The villain of the book is the Once-ler, who once upon a time arrives in a beautiful valley containing a forest of Truffula trees and many animals. The Once-ler cuts down one of the Truffula trees and uses its silk-like foliage to knit a Thneed, an impossibly versatile garment. ("It's a shirt. It's a sock. It's a glove. It's a hat.")
The Lorax, an odd little creature who claimed to speak for the trees, confronts the Once-ler. The Lorax had no head for business – he scoffs at the idea that anyone would pay good money for a Thneed, but the first person to pass by offers to pay $3.98 for it. That inspires the Once-ler to build a factory and invite his brothers and uncles and aunts to join him and get rich manufacturing and selling Thneeds.

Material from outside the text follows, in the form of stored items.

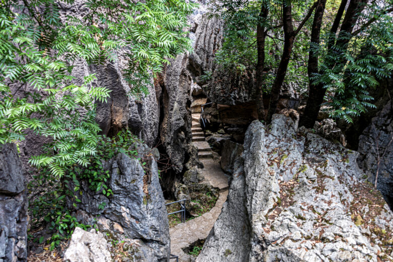 Stairs, narrow passages, and trails that allow visitors to navigate the unique limestone formations.
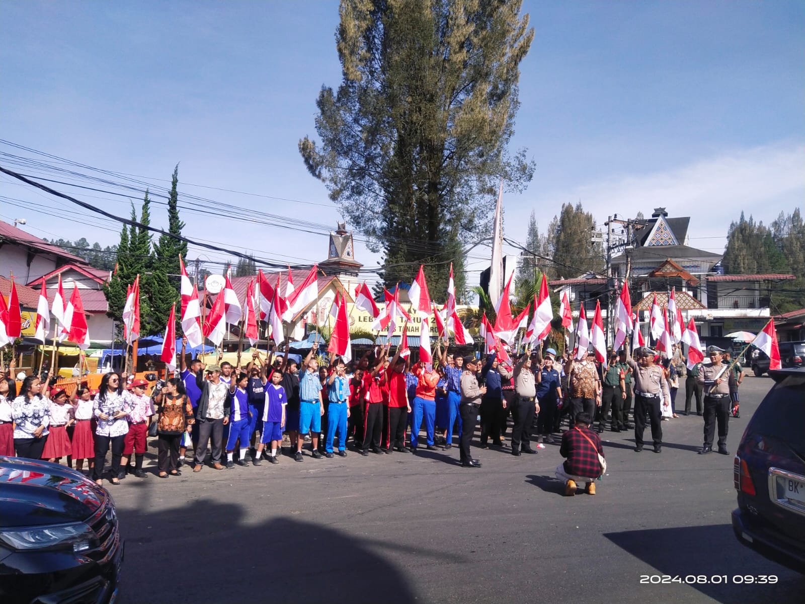 Rimbunnewsa.com – Karo – Dalam rangka menyambut Hari Ulang Tahun Republik Indonesia (HUT RI) ke-79, Polsek Berastagi bekerja sama dengan berbagai elemen masyarakat menggelar kegiatan pembagian bendera merah putih di Tugu Perjuangan, Kecamatan Berastagi, Kabupaten Karo, pada Kamis(01/08/2024) pagi.
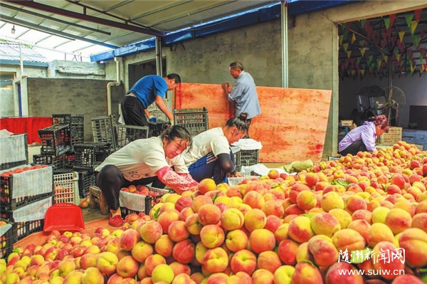 今年春季我市气温较低、气候干爽,水果产量比往年有所减少,但水果品质变得更好,赢得了市场青睐,果农减产反增收。图为6月12日,随县尚市镇太山村毛桃、黄桃收购点繁忙的景象。 (随州日报全媒记者 李文军摄)
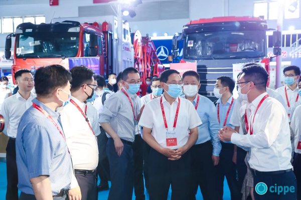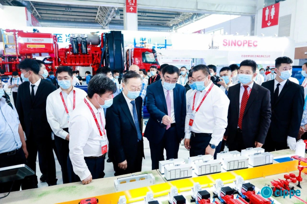 第十二屆全國政協(xié)副主席馬培華(中),工業(yè)和信息化部原部長、中國工業(yè)經(jīng)濟聯(lián)合會會長李 毅中(左二),中國石油化工集團黨組成員、副總經(jīng)理、中國石油和石油化工設(shè)備工業(yè)協(xié)會會長劉宏斌(右三)在振威展覽股份董事長 張學(xué)山(右二)陪同下參觀cippe2021

The Lorax confronts the Once-ler once again, condemning his unsustainably aggressive logging operation. But the unapologetic Once-ler just keeps on "biggering" his business until he eventually chops down every single Truffula tree in the forest.
No Truffula trees means no raw material to make new Thneeds raw materials, of course, so the Once-ler has to close his factory and send his relatives home. The Lorax says farewell to him, and flies away – leaving behind a small pile of rocks that spell out the word "UNLESS."
Years later, a boy wanders by the Once-ler's decaying home, and the Once-ler explains to him what the Lorax's message means: "Unless someone like you cares a whole awful lot, nothing is going to get better."
He gives the boy the last Truffula seed and tells him to use it to grow a new forest. If that forest is protected "from axes that hack," then the Lorax and his friends will return.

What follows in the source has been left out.